I wrote this in, hoping the humor value and the weight of its truth might forgive my lapse of memory or attention. The final question on the test was who I thought among the students was the best all-around guide. Who was Top Gun, the question asked? The student who got the most votes from the other students would get a slot rowing a raft through Grand Canyon this summer. A once-in-a-lifetime opportunity or a good start to a new river running career. Either way, that student was one lucky dog. Roger quickly finished grading the exams. “Everyone passed,” he said. Then he stuck out his hand to one of the students. “Congratulations, you’re going to the Canyon…”
North Fork
We started the Guide School close to my home, on the North Fork of the American River, a canyon where I hike frequently. I had also run the river as a passenger on a commercial trip. Neither the hiking nor the previous run prepared me one wit for the three days on the river. One thing Roger likes to teach in his school is not just the ability to swim whitewater rivers, but to be comfortable swimming whitewater rivers. One of the major rapids on the stretch we ran is Chamberlain Falls, where the river, at moderate flows, splits in two between a center rock and spills 8 feet or so in twin falls. We stopped to scout the rapid, leaving the boats tied while we clambered along the shore and stood above the falls.

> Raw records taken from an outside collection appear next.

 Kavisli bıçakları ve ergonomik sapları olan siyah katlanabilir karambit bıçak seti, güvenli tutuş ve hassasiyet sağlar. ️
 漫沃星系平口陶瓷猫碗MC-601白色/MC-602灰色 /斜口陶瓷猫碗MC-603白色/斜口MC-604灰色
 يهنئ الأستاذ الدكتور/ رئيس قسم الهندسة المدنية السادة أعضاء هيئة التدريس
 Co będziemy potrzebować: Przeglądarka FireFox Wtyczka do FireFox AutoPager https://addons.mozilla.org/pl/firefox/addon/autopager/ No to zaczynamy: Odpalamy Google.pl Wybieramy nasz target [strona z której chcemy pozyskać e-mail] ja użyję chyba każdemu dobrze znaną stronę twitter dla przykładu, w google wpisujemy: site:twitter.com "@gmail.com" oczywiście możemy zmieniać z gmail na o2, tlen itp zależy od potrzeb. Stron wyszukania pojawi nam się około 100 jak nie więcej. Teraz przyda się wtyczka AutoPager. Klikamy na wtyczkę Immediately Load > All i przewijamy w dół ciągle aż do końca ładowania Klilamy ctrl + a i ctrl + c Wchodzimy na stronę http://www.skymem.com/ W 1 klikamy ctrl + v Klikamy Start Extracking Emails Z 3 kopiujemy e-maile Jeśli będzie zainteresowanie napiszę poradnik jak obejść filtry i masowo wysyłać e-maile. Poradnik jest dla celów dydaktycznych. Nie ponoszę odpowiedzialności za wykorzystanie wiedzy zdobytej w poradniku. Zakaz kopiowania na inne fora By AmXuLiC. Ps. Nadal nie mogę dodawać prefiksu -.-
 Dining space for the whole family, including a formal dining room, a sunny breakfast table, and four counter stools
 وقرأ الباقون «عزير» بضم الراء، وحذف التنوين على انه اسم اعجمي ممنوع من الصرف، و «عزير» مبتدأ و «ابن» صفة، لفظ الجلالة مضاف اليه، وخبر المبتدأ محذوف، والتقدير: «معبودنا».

Roger turned to Rachel and asked “You going to swim it?” She immediately replies “sure,” and starts to make her way down to the river. I thought he was joking. I thought he would call her back or she would call his bluff, but she just walked down to the river and jumped in. Rachel is about 5 feet 4 inches, blond and quiet. 100 pounds of pure faith and confidence. “Keep your elbows in!” Roger yells. She floats and slips down the chute and goes under the foam for three seconds. She surfaces, catches the strong eddy on our side of the river and climbs up on the rocks, ready to go again.

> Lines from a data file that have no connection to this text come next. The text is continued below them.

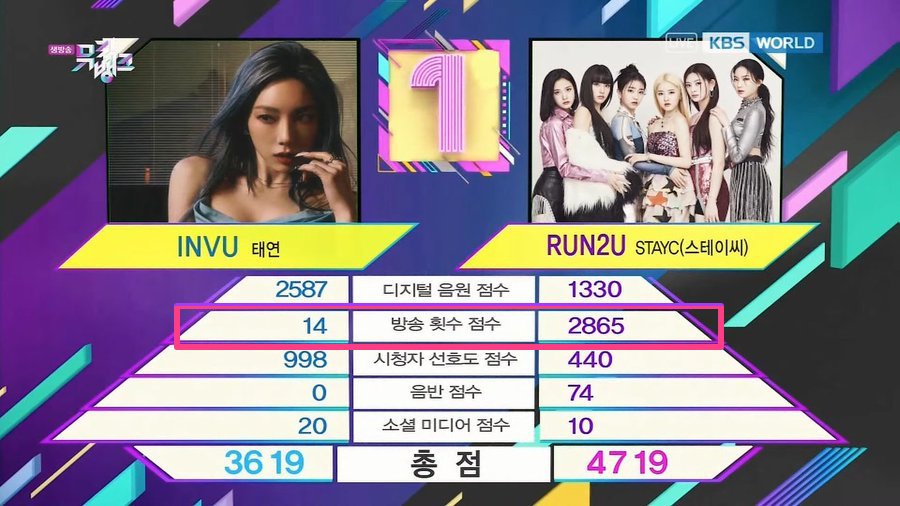 Taeyeon lost 2 times on Music Bank due to the broadcast score despite having higher digital and viewer committee scores
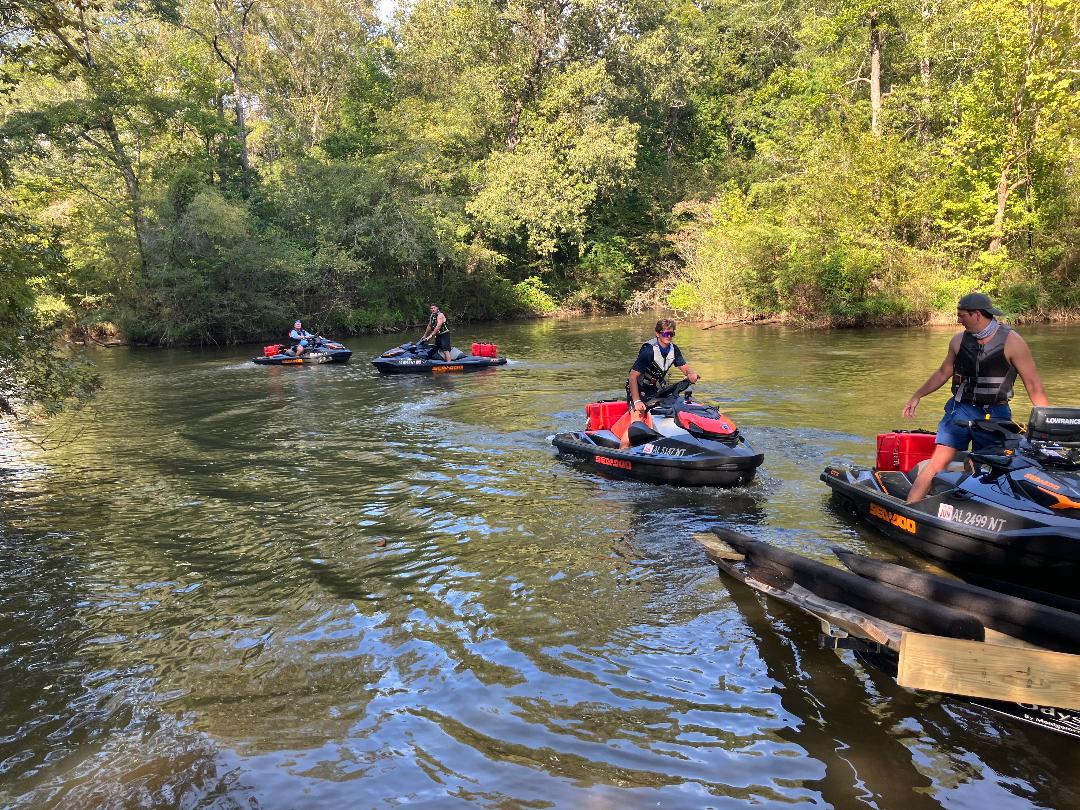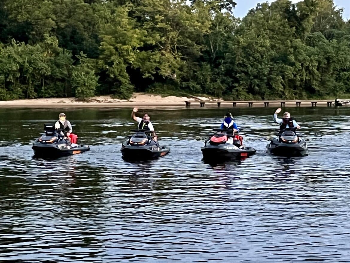 Joined by numerous friends and family, three generations of the Mercer family including David, Cameron, Chad, and Owen Mercer, launched four Sea-Doos in the Coosa River at Gold Star Park in Wetumpka at daybreak on Friday September 22, 2023. This started a 410-mile journey down the Coosa River that collectively took 17 hours and ended in Gulf Shores the next day around noon.
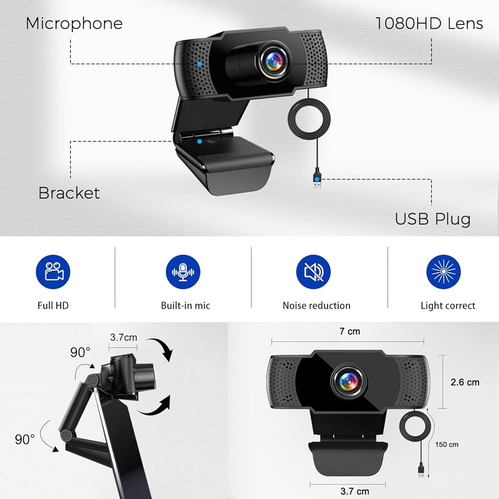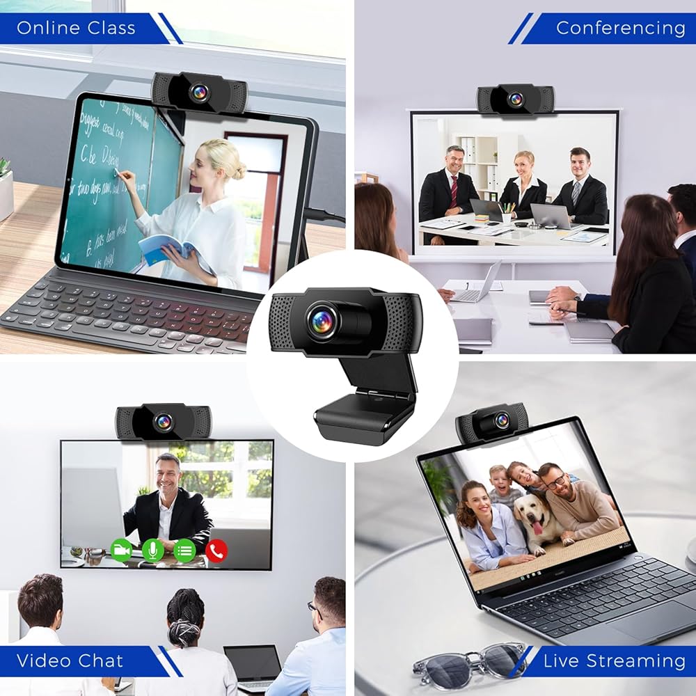 💻كاميرا ويب عالية الدقة 1080P: توفر كاميرا الويب 1080P هذه صورة واضحة وفيديو واضح للغاية، والتي يمكن تشغيلها في الوقت الحقيقي دون تأخير أو تشويه، مما يمنحك صورًا عالية الجودة. باستخدام تقنية الضغط المتقدمة، يكون نقل الصور أكثر استقرارًا وسلاسة. إنه مثالي لعقد مؤتمرات فيديو عالية الجودة، ويمكنك بسهولة بدء مؤتمرات الفيديو ومكالمات الدردشة مع زملائك.
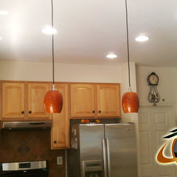 Besa pendant lights with Garnet glass and 6″ recessed lights
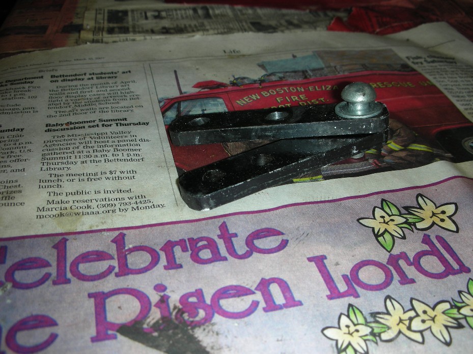 Here's a couple of shots of "balance bar" pieces. I've got several with the center hole in different places. The closer the center hole is to a given master cylinder, the more force goes to that cylinder. This seems much more in the vintage spirit than the cockpit adjustable arrangements. The shot from above is out of focus, but you can see the difference in the center hole. Changing balance bars takes less than 5 minutes.

Well. I guess I better try that myself. I follow her through and find it to be not scary at all. You just have to hold a breath and blow out both mouth and nose as you are washing-machined at the bottom of the drop, something that I find I did naturally. Just like getting rolled in big surf. We are wearing helmets and full wetsuits, and they buffer us from the cold water and the rocks. “Anyone going to try the far side?” Roger asks. This time, I move toward the river, jump in, and swim over to a point where I will be sucked into the far chute. It has a shallower angle and takes more water from the river than the near side chute. I tuck my elbows in hard, my hands cupped over the top of my PFD. They ones watching say I look like I am going down a water slide at a water park. I again do the The Blow during the wash cycle. The time under water seems just as short as the other, but this ride bumped my side against polished bedrock, and the worry of a sharp knob catching a bone probably made it seem shorter. I surfaced, apparently, about 7 seconds later, far down the river, just as those watching were beginning to get worried. I caught the very lower reaches of the eddy and rejoined the spectators.
Later that day we learned to swim and beach ourselves on a small rock in the middle of a rapid. If you had told me before the class that I would be doing such things I would have thought you crazy. I thought we would avoid being in the water. White water is dangerous. What I learned in the class is that most whitewater is not to be feared, but highly respected. The respect comes from experience, and Roger’s goal was to give us as much experience as possible.
Fear
Wrestling black terror. The water moves, the water falls. Faith falters. A focus on the water. An obsession with focus. The world ends here at this sharp separation of water and sky. Beyond is another belief. Nothing can bring you back but the leap.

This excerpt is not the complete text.